By Jonathan W M Siah, on 17 July 2019

On the 19th of June I attended the SLA Conference organised by M25 Libraries at The Museum of London. The theme was the increasingly hot topic of ‘wellbeing’ and the first session began with a triage of presenters from Middlesex University. They talked us through some initiatives designed to have a positive impact on staff and student wellbeing in response to recent surveys. Then they honed in on discussing the importance of saying “no!” to things; detailing how it’s ok to disappoint if you really can’t manage what is being asked of you, and that this is quite different from letting someone down, so you shouldn’t feel that you are.
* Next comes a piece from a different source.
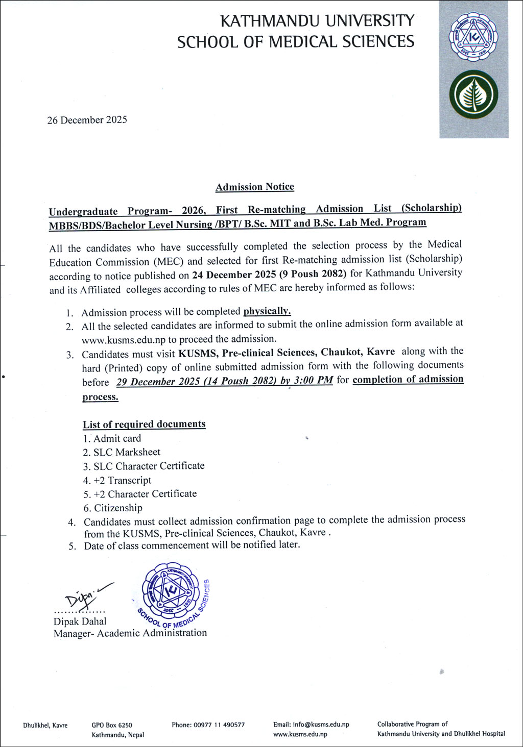 Admission Notice: Ungergraduate Program-2026, First Re-Matching Admission List (Scholarship) MBBS/BDS/Bachelor Level Nursing/B.Sc. MIT and B.Sc. Lab Med. ProgramDecember 26, 2025Print (Apply Online -Must Login With Google Account) mbbs program bds Program BNS/BMS Program B.sC nursing program bpt, b.lab med, B.MIT, B.Sc MLT Program

This opening session ended with the ‘button exercise.’ Essentially, they put lots of buttons in the middle of each table, and we had to try and represent our working relationships (organisation, colleagues, students etc.) with the buttons. My cryptic offering is pictured below.

We then had a tour of the library, in which the librarian told us about their impending move to a new site, which will be in one of the long-abandoned halves of Smithfield Market. Apparently it’s all proving quite a challenge as the Thames Link goes directly underneath; but plans are in motion for there to be a viewing area inside the museum, so you’ll be able to see living pieces of history whizz by on their way to the boardrooms of the City, coffee cups and newspapers in hand, faces pressed against the windows.

The librarian then showed us some gems from their collection, including a book supposedly owned by Elizabeth I.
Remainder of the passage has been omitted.